Bloomberg has upgraded its real-time news feeds with new customisable, machine-readable capabilities designed to plug directly into trading and risk workflows. The update allows clients to filter news by specific companies, securities and macro themes, replacing broad, unstructured feeds with targeted data streams.
The enhanced feeds are powered by “tickerised” versions of Bloomberg’s existing news products. Instead of consuming a global stream of headlines, users can now receive instrument-level news aligned to their own strategies, reducing the need for manual filtering before integration into systematic models.
The firm said the changes are intended to reduce manual processing and allow clients to embed high-quality, structured news inputs directly into automated market-making, event-driven, and quantitative trading strategies.
The upgraded model delivers news only for instruments a client selects, rather than pushing a full market-wide stream. That change is designed to make front-office consumption more efficient, particularly for desks that run systematic strategies and require clean, structured inputs.
“The move toward ‘tickerised’ news feeds represents a significant shift for the front office, moving from traditional consumption of a firehose of unstructured news data to continuous, machine-readable awareness of market events relevant to specific trading strategies in real time,” said Cory Albert, global head of real-time data and technology at Bloomberg.
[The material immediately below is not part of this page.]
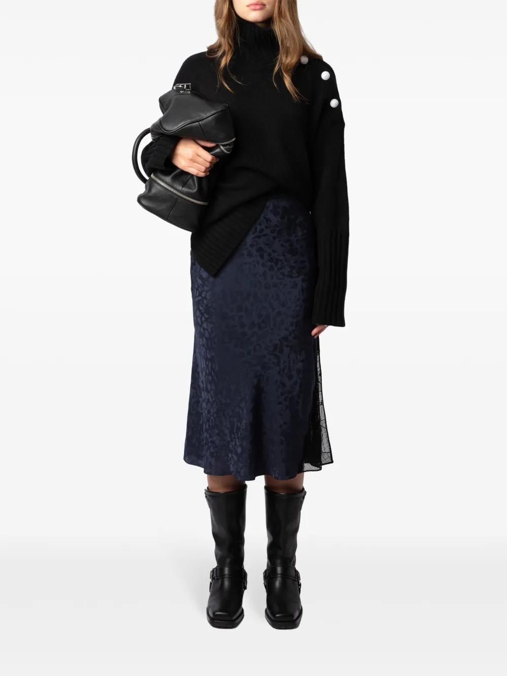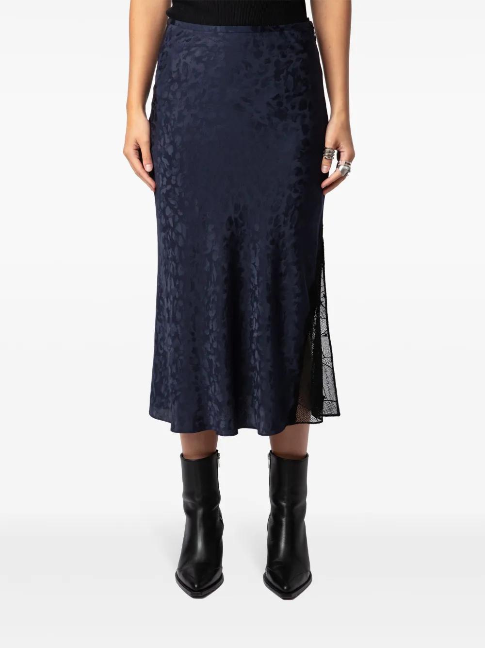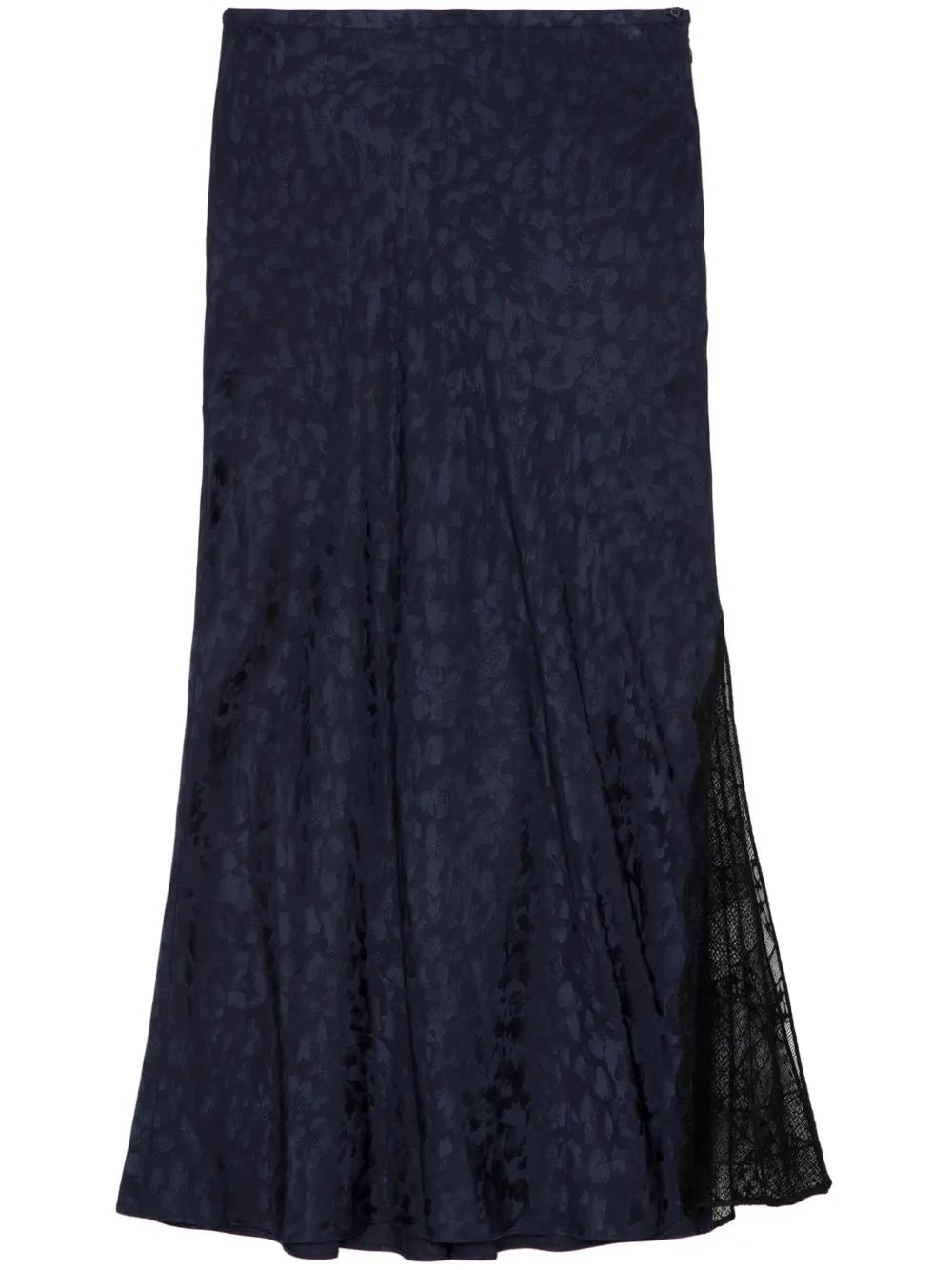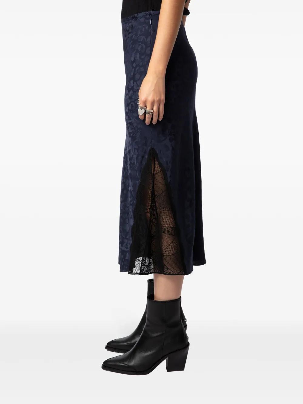 navy blue silk all-over leopard print lace detailing flared hem side zip fastening mid-length

“By delivering news only for instruments that a user requests, Bloomberg is reducing the lift on the back end for traders who previously had to manually sift through broad global news feeds before they could be operationalised in their systematic strategies,” he added.
The feeds also incorporate proprietary sentiment models and granular metadata tagging in real time, allowing users to embed analytics directly alongside pricing and market data.
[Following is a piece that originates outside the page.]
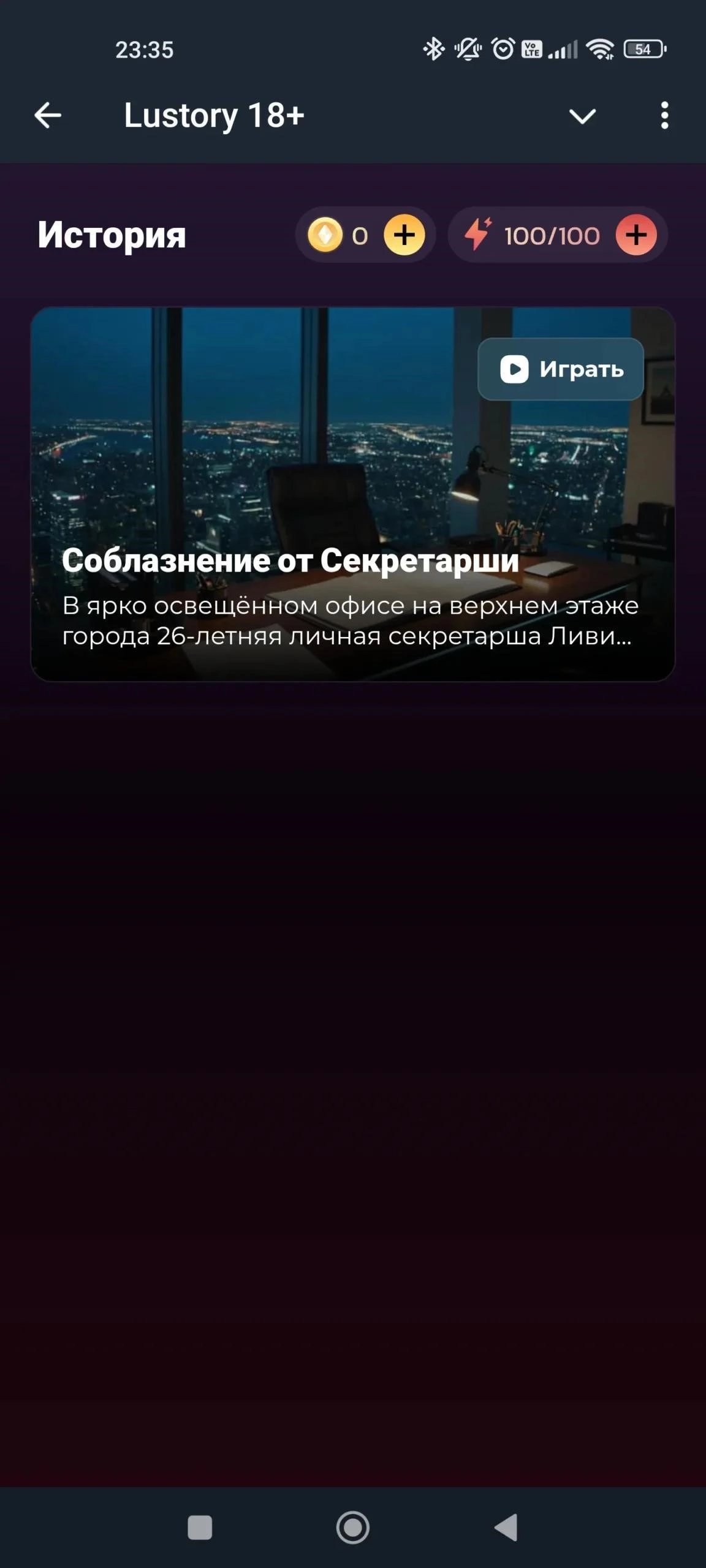 Lustory AI 18+ - интерактивное приложение, позволяющее общаться с виртуальными персонажами. Оно создано для тех, кто ищет нестандартные формы общения и хочет окунуться в увлекательные сценарии, управляя развитием диалога.
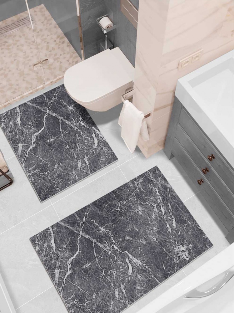 Набор ковриков вырезных icarpet PRINT антискользящих (134) "Мрамор" 60х100+60х50 серый

Alongside tickerised feeds, Bloomberg has introduced “news insights” functionality aimed at supporting risk monitoring and anomaly detection in systematic environments. The tool aggregates underlying news at the entity level and applies sentiment and thematic analysis.
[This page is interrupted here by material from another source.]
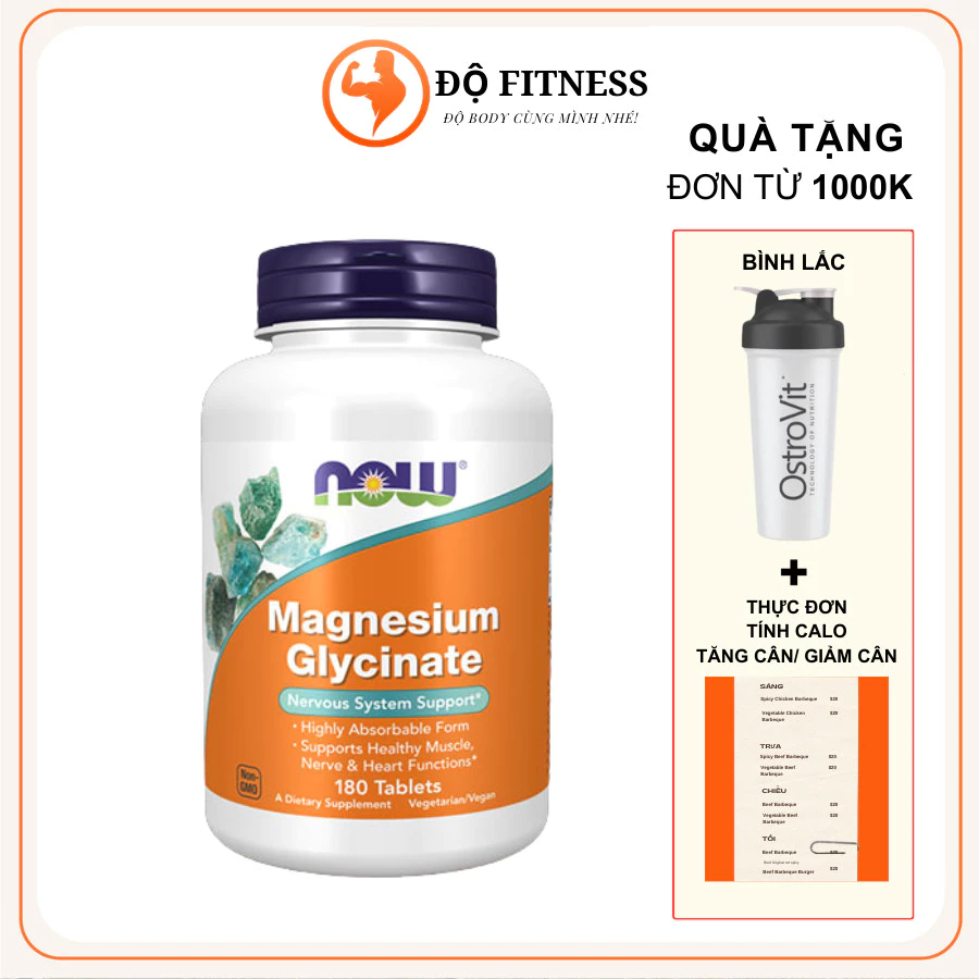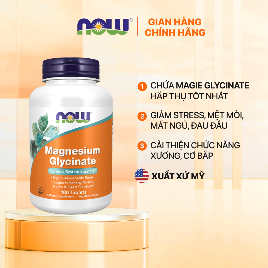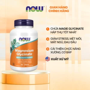 Magnesium Glycinate Now 180 viên 200 mg – Viên Magie Hữu Cơ, Giảm Stress, Hỗ Trợ Giấc Ngủ, Xương, Cơ, Hỗ trợ sức khỏe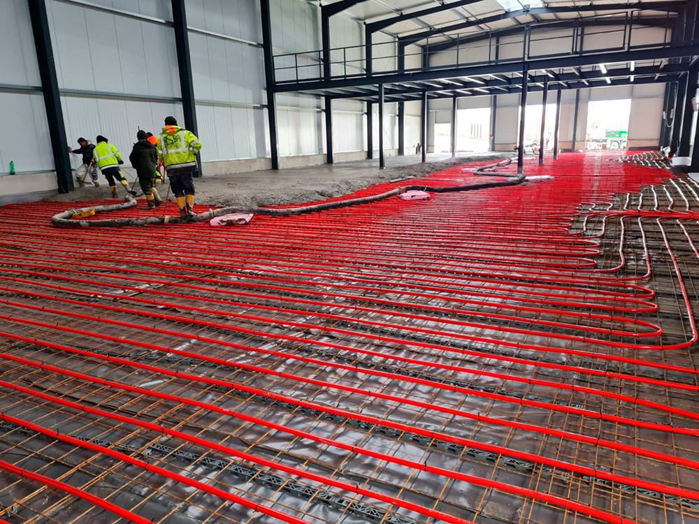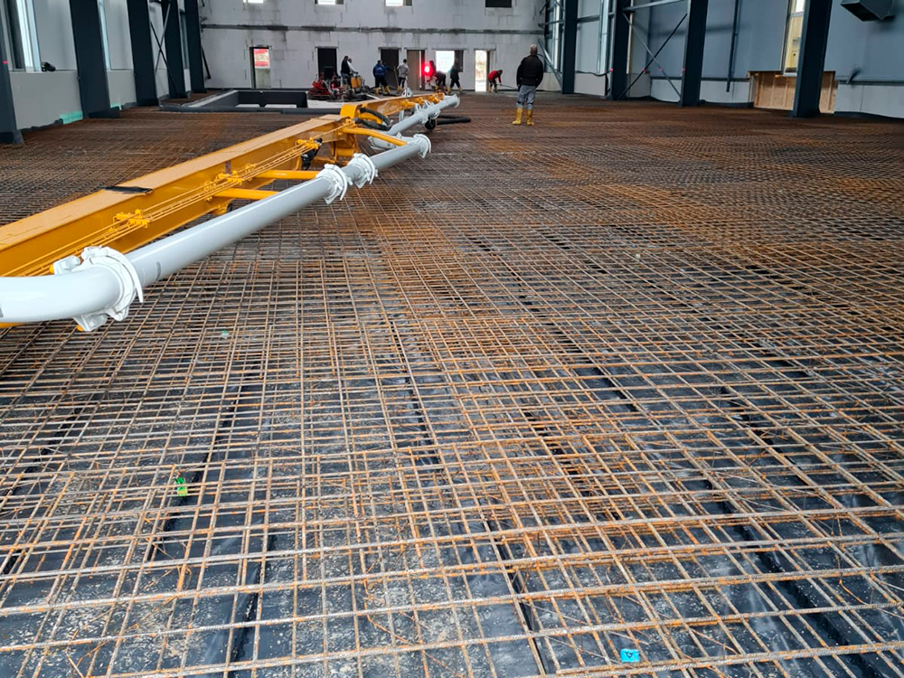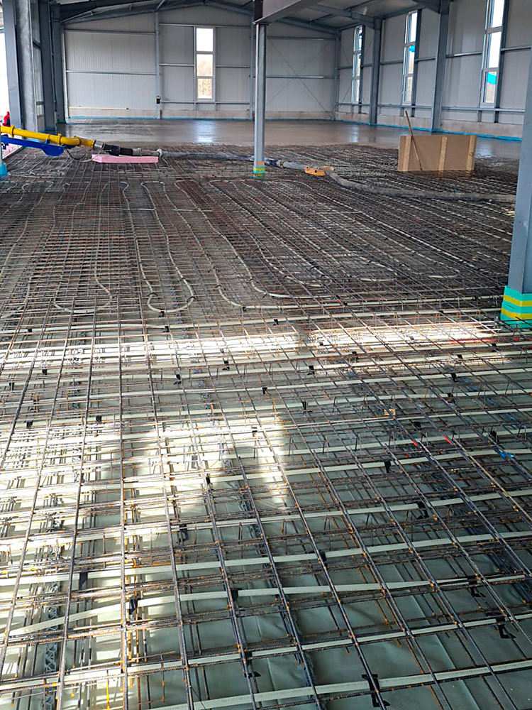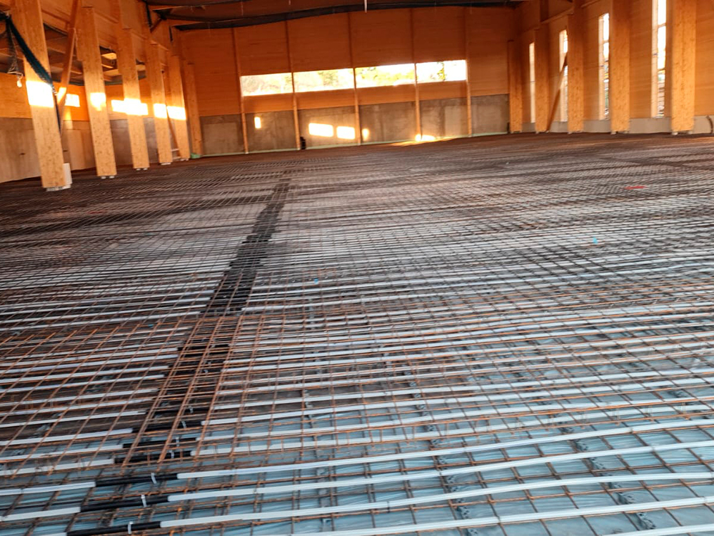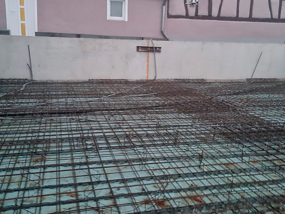 Eurofloor achte schon bei der Veregung con Matten auf die richtige Bewehrung in ihrem Betonboten ust Betonpfeilern.

“For example, news insights could pre-empt a trader with information such as: news activity on an instrument of interest is higher than normal by a specific factor, the sentiment of the news is positive, and the normalised theme for the stories is mergers and acquisitions,” Albert said.
The insights are designed to flag unusual activity patterns, allowing desks to detect event-driven volatility or thematic concentration earlier in the workflow.
Bloomberg’s real-time news feeds currently draw from more than 175,000 web and social media sources. The analytics layer covers story-level company sentiment scores and market-moving indicators, while the textual database spans more than 220,000 entities, 10,000 topics and 660,000 people.
Albert said the feeds are built to integrate directly into systematic workflows while maintaining traceability to source stories. “These actionable signals can be integrated directly into systematic workflows, and always tied back to their source stories. This enables traders to combine targeted, normalised news inputs and analytics they trust with event, market, and pricing data to support faster, more consistent investment decisions.”
As trading desks continue automating execution and risk oversight, structured news ingestion is becoming less of a research function and more of a data-engineering layer within front-office systems.